Whether the trial judge's statement during the jury charge was an impermissible comment on the facts, thereby constituting reversible error.

DISCUSSION

Under South Carolina law, it is a general rule that a trial judge should refrain from all comment which tends to indicate to the jury his opinion on the credibility of the witnesses, the weight of the evidence, or the guilt of the accused. State v. Campbell, 374 S.E. (2d) 668 (S.C. 1988); State v. Sosebee, 284 S.C. 411, 326 S.E. (2d) 654, n. 1 (1985) (citing State v. Pruitt, 187 S.C. 58, 196 S.E. 371 (1938) and State v. Kennedy, 272 S.C. 231, 250 S.E. (2d) 338 (1978); State v. Smith, 288 S.C. 329, 342 S.E. (2d) 600 (1986). Jackson argues that the judge's remark was an impermissible comment on the facts constituting reversible error. We disagree.

We conclude that the judge's remarks were an explanation of his ruling and its consequences rather than a comment on the facts. This statement explained how and why the charge of possession was being reduced from crack cocaine to simple cocaine. According to the chemist's testimony, there was an insufficient amount of the substance to conduct an analysis for crack cocaine. Without any evidence of crack cocaine, Jackson could not be charged with that offense on the indictment in question. In contrast, there was testimony that there was a sufficient amount of the substance to conduct an analysis of cocaine. This explains how Jackson could be charged with the lesser included offense. The judge did not say that the analysis determined that the substance was cocaine. He merely stated that an analysis was conducted.

Jury instructions must be considered as a whole and, if as a whole, they are free from error, any isolated portions which might be misleading do not constitute reversible error. State v. Thompson, 278 S.C. 1, 292 S.E. (2d) 581, cert. denied, 456 U.S. 938, 102 S. Ct. 1996, 72 L.Ed. (2d) 458 (1982); State v. Daniels, 231 S.C. 176, 97 S.E. (2d) 902 (1957). Here, the jury was instructed several times that it was the sole arbiter of facts and the credibility of witnesses. The jury was also instructed to disregard any statement by the judge *527 which may be interpreted as an opinion by him as to facts. Although these instructions were given prior to the statement about the analysis for cocaine, they are important when viewing the jury instructions as a whole.

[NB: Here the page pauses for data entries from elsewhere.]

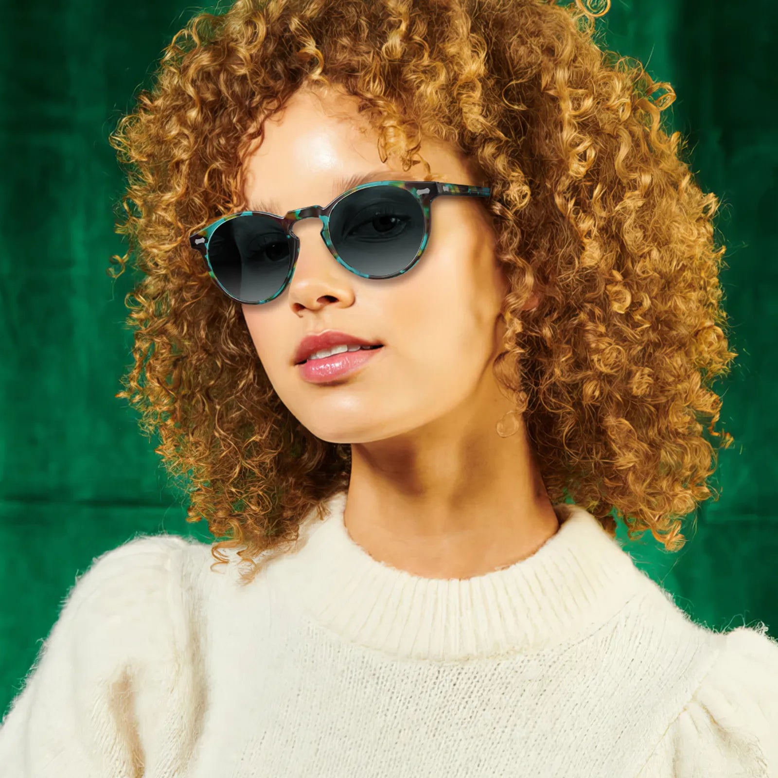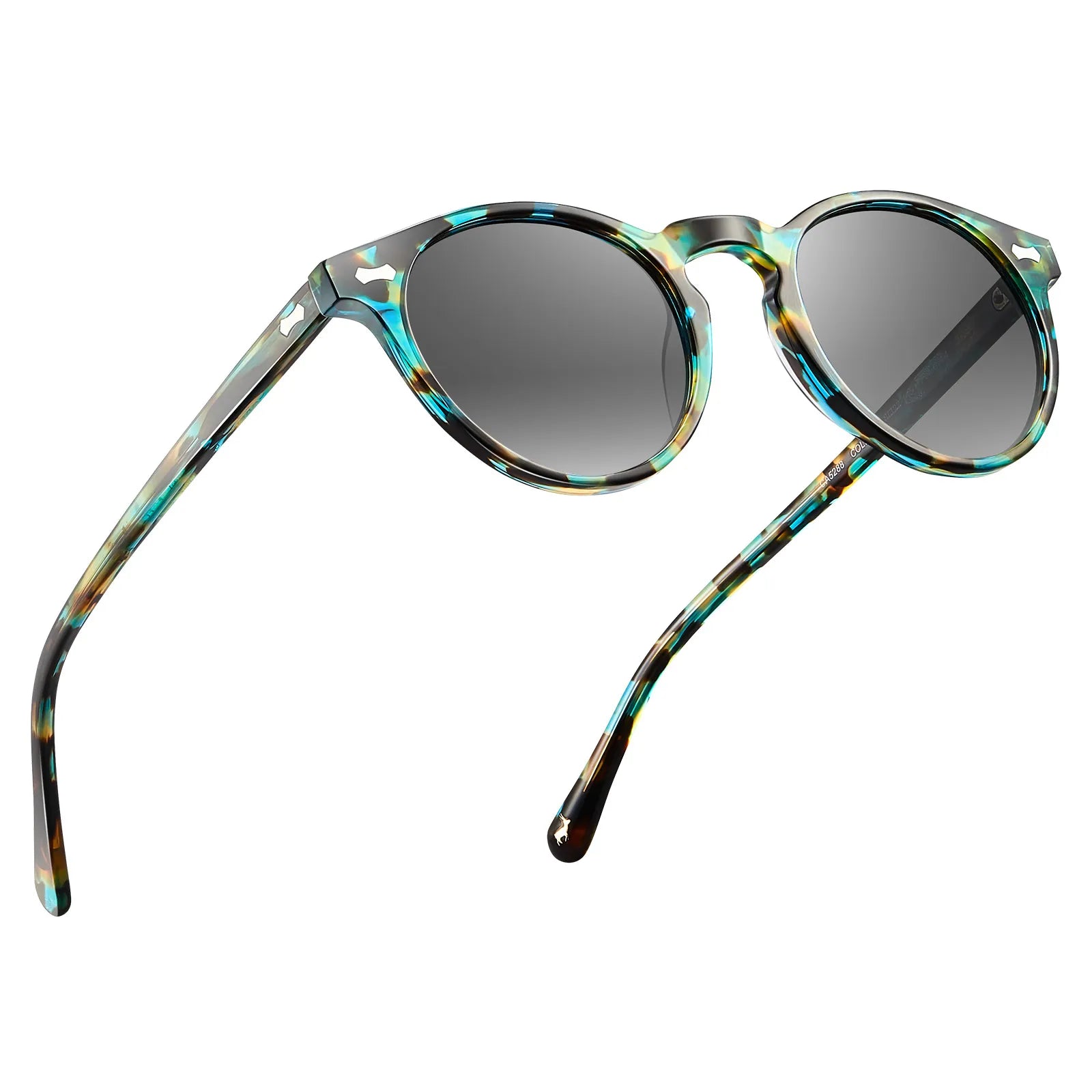 A modern interpretation of vintage design: With sleek contours for an active lifestyle, CARFIA round women's sunglasses are well-compatible with everyday clothes and can be the perfect decoration. Product Size - Lens width: 48 mm, Lens height: 43 mm, Bridge: 22 mm, Arm: 145 mm, Frame width: 138 mm.
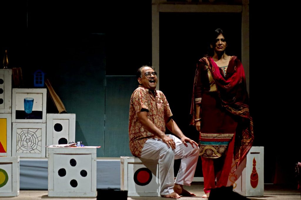 একজন মুখোশধারীকে এই চরিত্রে সফল ভাবেই ব‍্যবহার করেছেন নির্দেশক। জোনাল আলো ও ব‍্যঞ্জনাময় সাজেস্টিভ সেটের ভেতর দিয়ে (মঞ্চ ও আলো শান্তনু দাসকৃত) তিন নারীর তিনটি সংসার দেখানো হয়েছে। জীবন যে সত্যিই শুধু ছক্কা-পাঞ্জা-পুটের খেলা তা বোঝাতে লুডোর ছকের ব‍্যঞ্জনাময় মঞ্চায়ণ বেশ ভালো লাগে। অভিনয়ে প্রত‍্যেকেই ছিলেন সাবলীল। তাঁদের টিমওয়ার্ক যেন এক সুরে বাঁধা ছিল। ভালো লাগে খেলনাওয়ালার পাসিংটি, এবং চুরি করা টেলিভিশন সেটের পর্দায় ভেসে ওঠা কল্পণার মুখ। কল্পনা যেন না থেকেও আছে এই দৃশ্যে !!
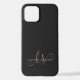 Coque iphone Monogrammé moderne Black Gold Feminine Script. Personnalisez facilement ce boîtier de téléphone moderne et élégant avec votre monogramme et votre nom personnalisés.
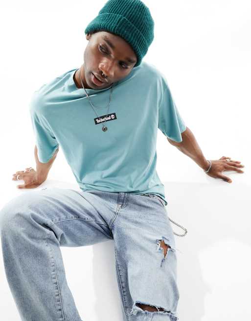 Timberland oversized t-shirt with central logo in blue exclusive to ASOS
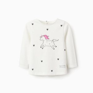 Camiseta de manga larga para bebé niña «Unicornio» blanco
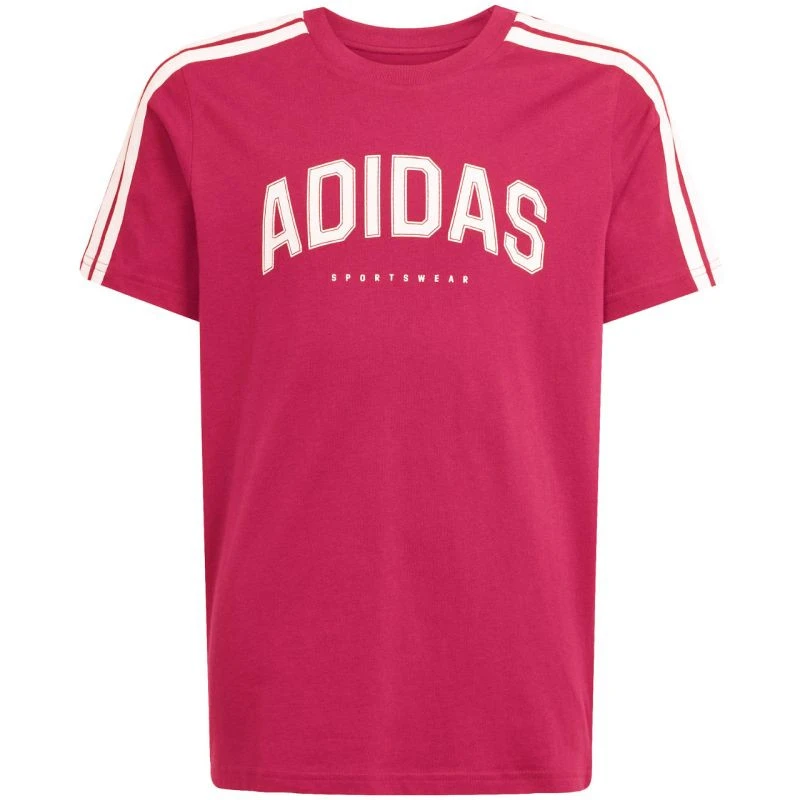 Koszulka dla dzieci adidas Codes Collegiate Graphic różowa KA9764 Koszulka dla dzieci adidas inspirowana akademickim stylem sprawdzi się na co dzień. Miękka konstrukcja z bawełnianej tkaniny. Standardowy krój. Zaokrąglony dekolt. Materiał: 100% bawełna
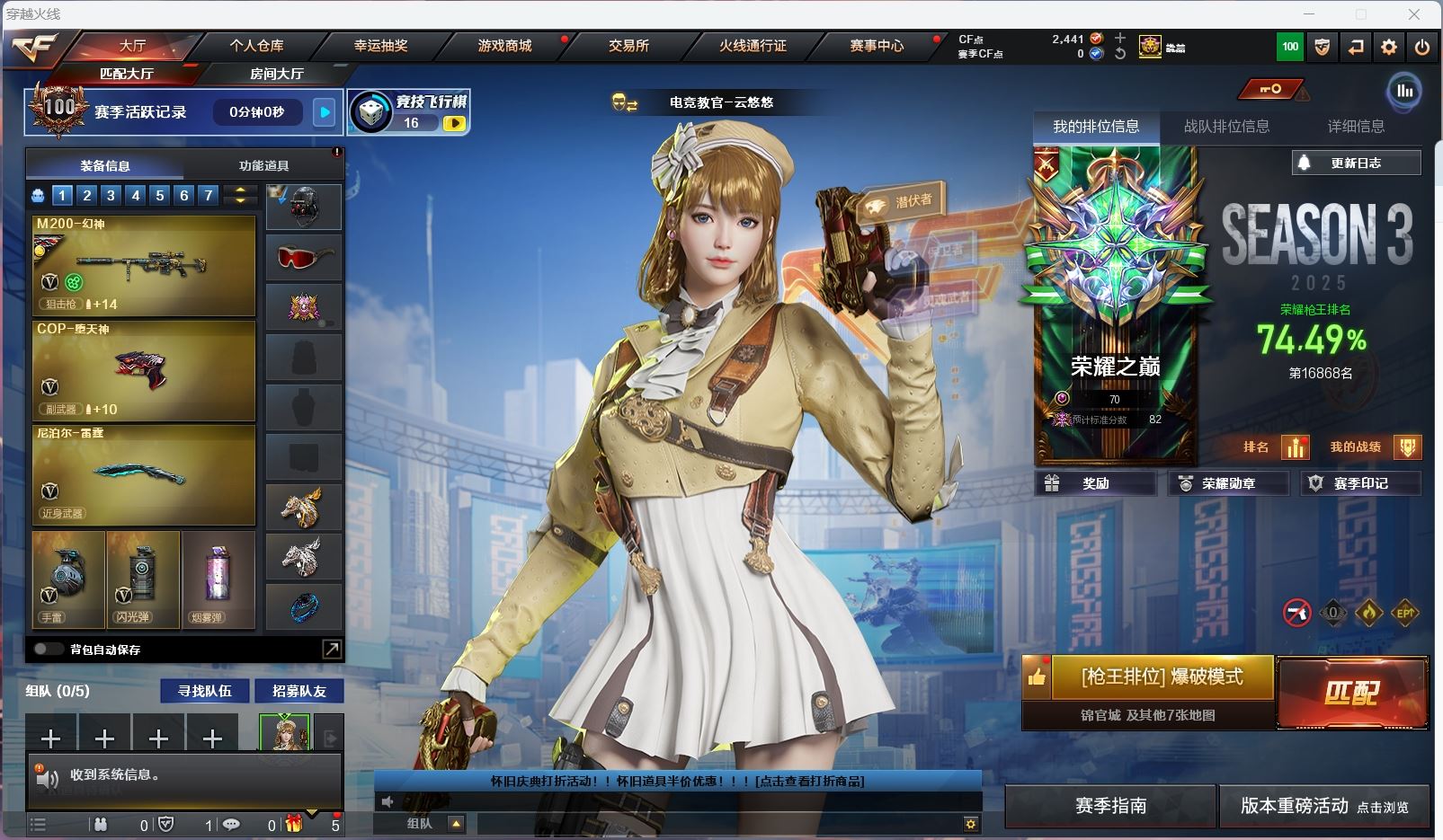 【游戏多多】 【可包人脸】lcf AK028028 【找回包赔】 黑龙江 vip6 24v 【M200-竞技荣光套装+usp雷暴+云悠悠】【QBZ金色蔷薇】【朱雀电竞之星+朱雀电竞之星音效卡】【碧霄极光+碧霄极光音效卡】【炼狱百战金芒+炼狱百战金芒音效卡】【屠龙电竞之星+屠龙电竞之星音效卡】【武器 雷神 无影神兵利器 机械迷城穹宇 朱雀电竞之星 炼狱百战金芒】【3手枪 usp雷暴 柯尔特竞技荣光 天神动感闪耀】【6刀具 屠龙 擎天竞技荣光 麒麟刺百战金芒 屠龙电竞之星 荣耀世冠龙啸 龙啸烈火龙威】【2雷套 竞技荣光*2】【小人枪 火麒麟零纪元】【角色 云悠悠】【电竞之星炫彩背包 炫彩背包诺拉 bs战队炫彩背包 百战金芒炫彩背包 亚洲杯纪念炫彩背包】----【截图展示段位不代表实际段位,如赛季更 新等不可抗拒因素发生变化、时限道具不保证所剩时间、标题未写送点卷默认不送】买号找【左友】永久包赔
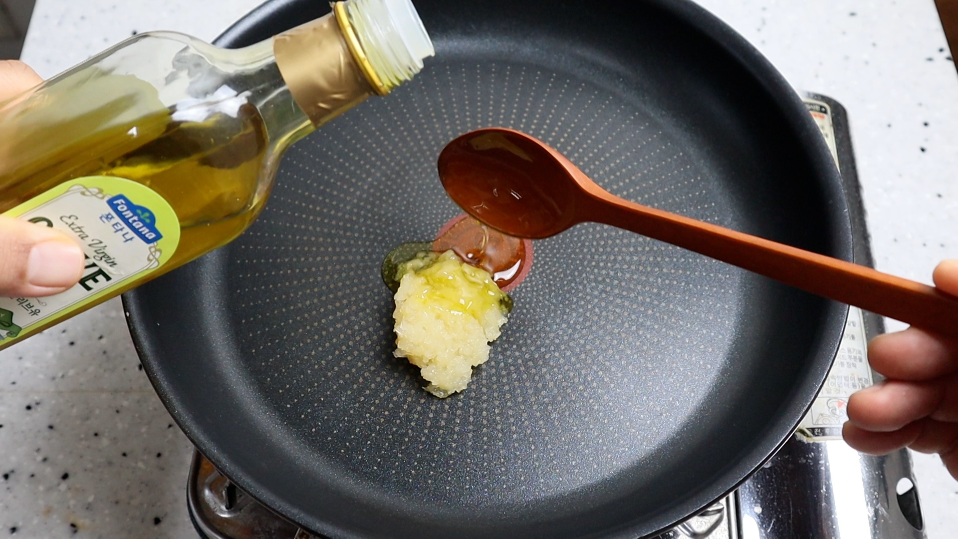 6. 올리브유를 넣어주세요. 올리브유는 기호에 따라 2~3스푼 더 넣으셔도 좋습니다.

Furthermore, the test is what a reasonable juror would have understood the charge as meaning. California v. Brown, 479 U.S. 538, 107 S. Ct. 837, 93 L.Ed. (2d) 934 (1987); Francis v. Franklin, 417 U.S. 307, 105 S. Ct. 1965, 85 L.Ed. (2d) 344 (1985); Sandstrom v. Montana, 442 U.S. 510, 99 S. Ct. 2450, 61 L.Ed. (2d) 39 (1979). It is unlikely that a reasonable juror would have singled out this portion of the charge and interpreted it as an opinion on the facts of this case or an instruction as to the weight to be given the evidence.

For the reasons discussed above, the lower court is

Affirmed.

GREGORY, C.J., and HARWELL, CHANDLER and FINNEY, JJ., concur.